In black communities where fathers aren't around hasn't it been proven that the boys do worse at school, get worse jobs and are more likely to have social problems. Why should it be different for us Muslims when the fathers aren't around either?

Re: The effects of multiple wives on kids

It easy to say get rid of husband but it's very hard for a wife who got married in her teens with that guy and was arranged marriage and loved him like crazy. Can she live without him?
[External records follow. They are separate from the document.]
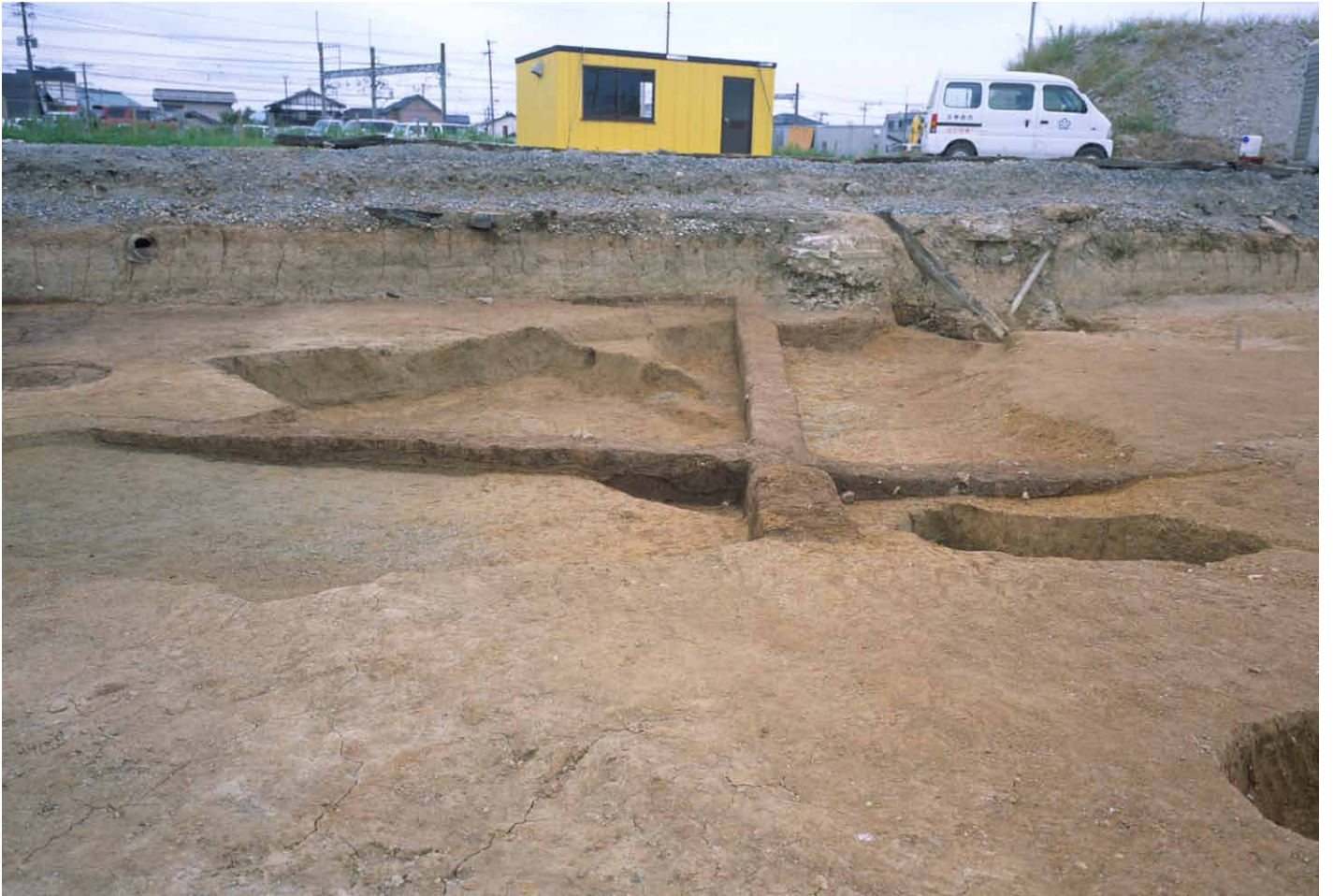
写真 254. 条坊跡第 285 次調査 285SX030・035 南北ベルト土層観察（東から）
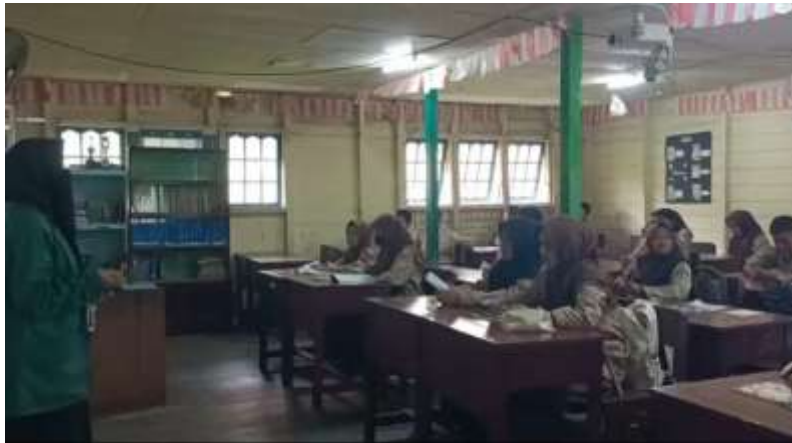
Gambar 1. Perencanaan PKM

Tahap awal pelaksanaan kegiatan pembinaan ini dilakukan dengan perencanaan. Pada tahap ini, dilakukan observasi dan analisis terhadap perilaku remaja di lingkungan sasaran pengabdian untuk mengetahui tingkat pemahaman mereka terhadap etika digital. Hasil analisis menunjukkan bahwa sebagian besar remaja belum memiliki kesadaran penuh terhadap penggunaan teknologi secara islami. Oleh karena itu, tim pengabdian menetapkan tujuan kegiatan, yaitu menanamkan nilai-nilai Qur'an dan Hadis agar menjadi pedoman moral dalam berinteraksi di dunia digital. Materi yang digunakan diambil dari ayat-ayat dan hadis-hadis tentang adab pergaulan, kejujuran, amanah, dan tanggung jawab, seperti QS. Al-Hujurat: 11–12, QS. An-Nur: 30–31, serta hadis Rasulullah saw tentang etika berkomunikasi dan menjaga kehormatan. Materi yang disampaikan dalam kegiatan ini mencakup tiga pokok utama yang relevan dengan kehidupan remaja. Pertama, peserta diberikan pemahaman mengenai dampak negatif pernikahan dini dari berbagai aspek, termasuk kesehatan, pendidikan, dan sosial.
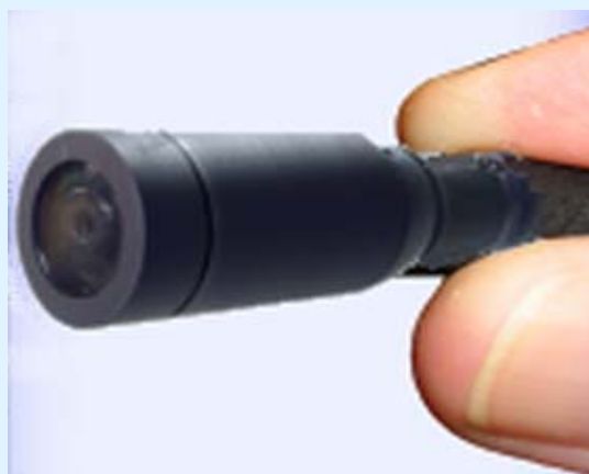
15 mm diameter
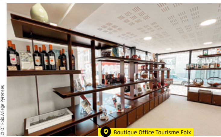
Boutique Office Tourisme Foix
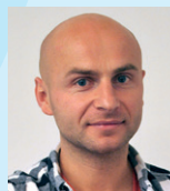
Mateusz Piecuch Produktion & Montage
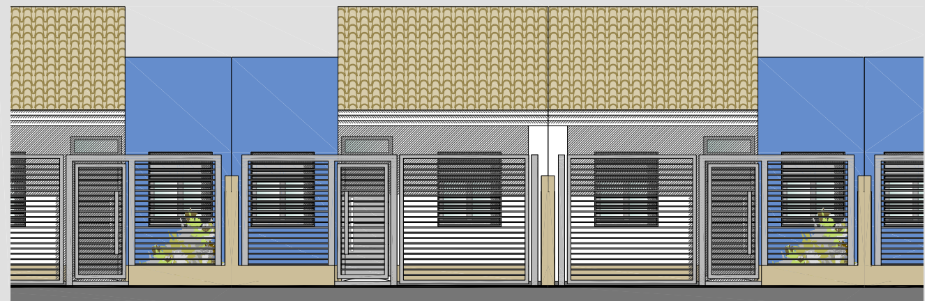
Alzado Vallado Exterior _ 1/100
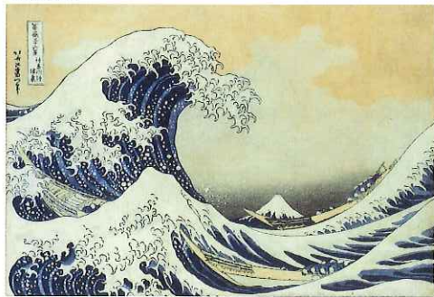
富嶽三十六景 神奈川沖浪裏 Under the Wave off Kanagawa, from the series Thirty-six Views of Mount Fuji
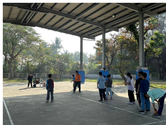
下課時間到戶外運動
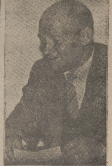
El alcalde de la Mota del Marqués.

los fines a que se ha destinado esta rifa tengan su mejor triunfo en la construcción de viviendas para quienes más las necesitan. Un saludo a todos los camaradas y mis respetos a las jerarquías de la Falange vallisoleitana.
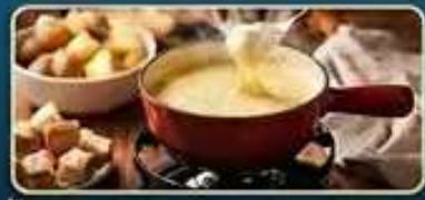
ลิ้มลองเมนูฟองดูร์ สไตส์สวิส
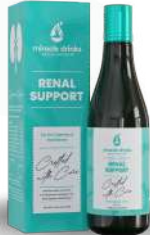
ರೀನಲ್ ಸಪೋರ್ಟ್(S-5) 15 ಮಿಲಿ
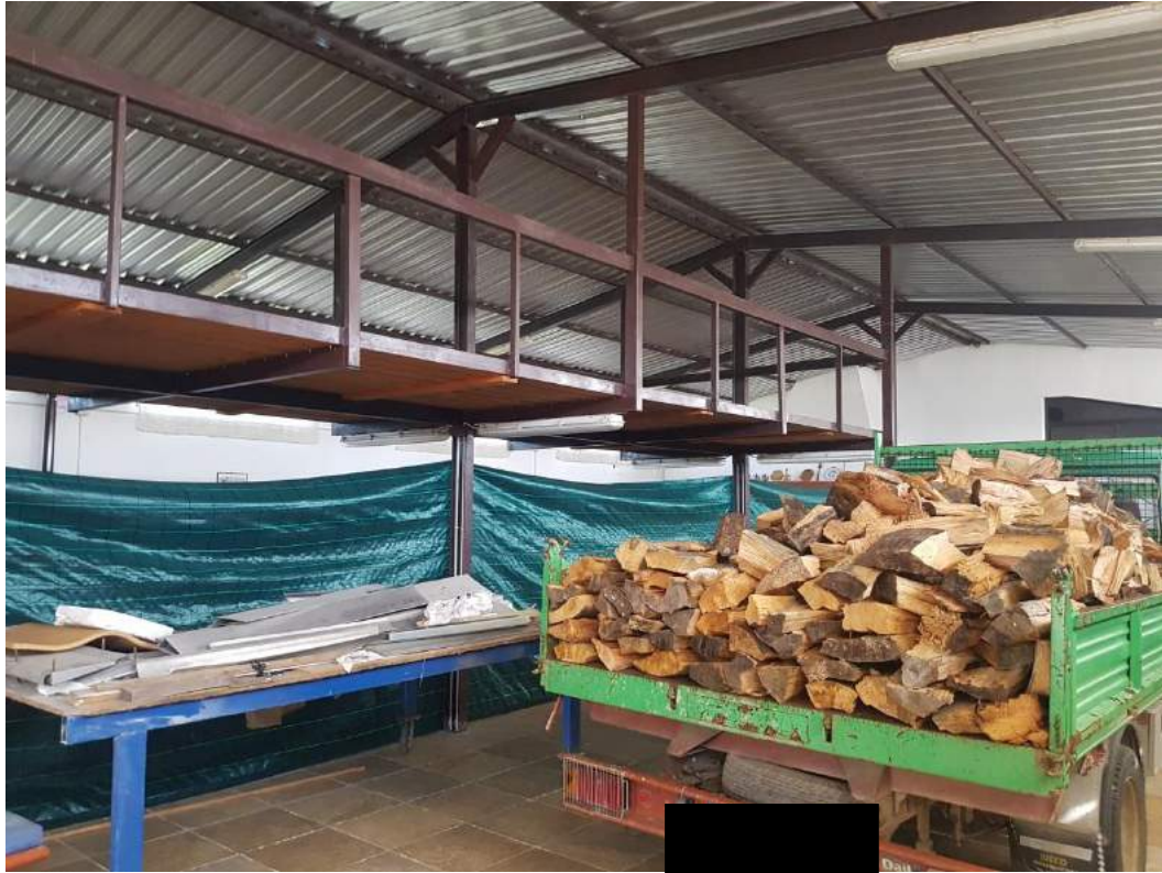
Foto 7- Fabbricato uso deposito sub. 3 (capannone n. 4 del progetto divisionale)
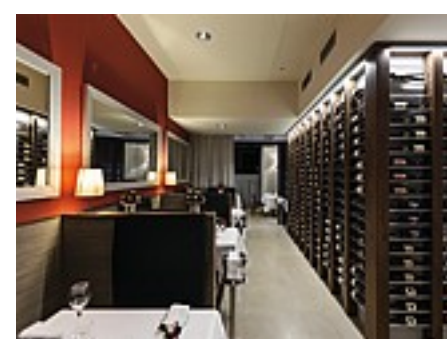
Ambiente high tech per degustare la tradizione

ambiente che non fosse banale, ma accogliente ed elegante, con dettagli architettonici preziosi (i decori della cucina sono di Fornasetti e le ceramiche dei bagni di Van Der Hilst): insomma una sorta di 'ponte' tra la tipica 'trattoria' e il locale d'alta
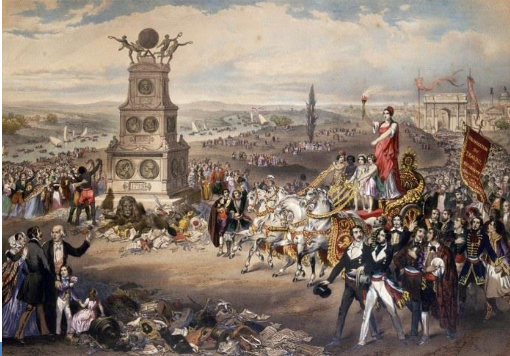
Frédéric Sorrieu, La République universelle démocratique et sociale - Le Triomphe , 1848.
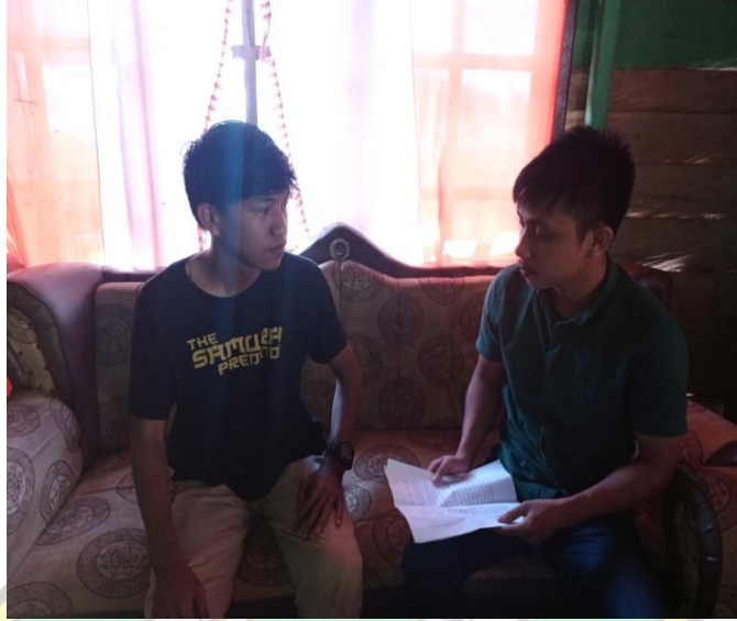
Wawancara dengan TD
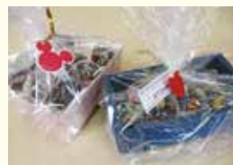
『ラッピングをして完成!!』
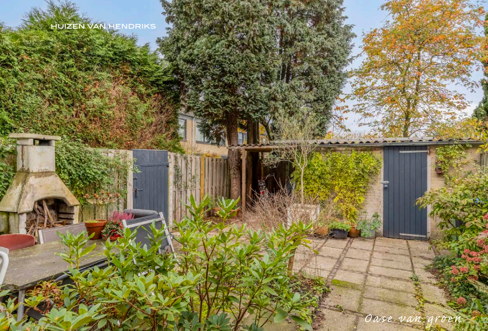
Oase van groen
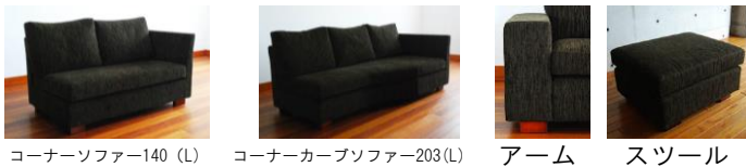
コーナーソファ140 (L) コーナーカーブソファ203(L) アーム スツール
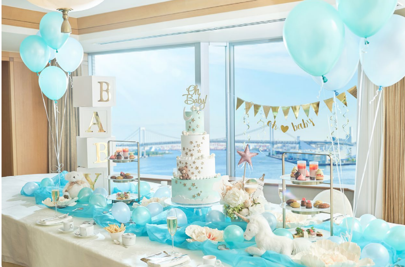
乾杯ドリンク、アフタヌーンティーなどの軽食、飲み物各種、バルーンなどの装飾がセットになったベビーシャワープラン

予約開始日：2024年1月23日(火) プラン開始日：2024年2月6日(火)～平日通年提供
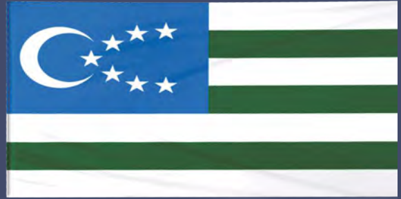
ჩრდილოეთ კავკასიის მთიელთა რესპუბლიკის დროშა

ჩრდილოეთ კავკასიის მთიელთა რესპუბლიკა – სახელმწიფო ჩრდილოეთ კავკასიაში, რომელიც შეიქმნა 1917 წელს რუსეთის ოქტომბრის რევოლუციის შემდეგ. მის შემადგენლობაში შედიოდა დღევანდელი ჩრდილოეთ კავკასიის უდიდესი ნაწილი. ამ სახელმწიფოს დამოუკიდებლობა აღიარა თურქეთმა, გერმანიამ, საქართველომ, აზერბაიჯანმა, ბულგარეთმა, დიდმა ბრიტანეთმა, ავსტრია-უნგრეთმა და ყუბანის რესპუბლიკამ. ჩრდილოეთ კავკასიის მთიელთა რესპუბლიკამ არსებობა 1920 წელს, საბჭოთა ოკუპაციის შემდეგ, შეწყვიტა.

If none of his family member is around to support her and/or not enough education to take care of kids and only In laws around are doing anything to make her and her kids bad. It's very hard.

When kids like father more may be love more than mother then what effect that would do to that child. What if they are too young to understand who is wrong and who is right.

There are many things. As we all know our ppl don't like divorced ladies no matter if she is so innocent. Everyone blames her for divorce.

Living without male is very hard in our society.

Re: The effects of multiple wives on kids

^ True, suppose depends a lot on individual situation and yes, it's hard for the woman to divorce and then get married, she'll usually get the blame no matter what the reason was for the breakup.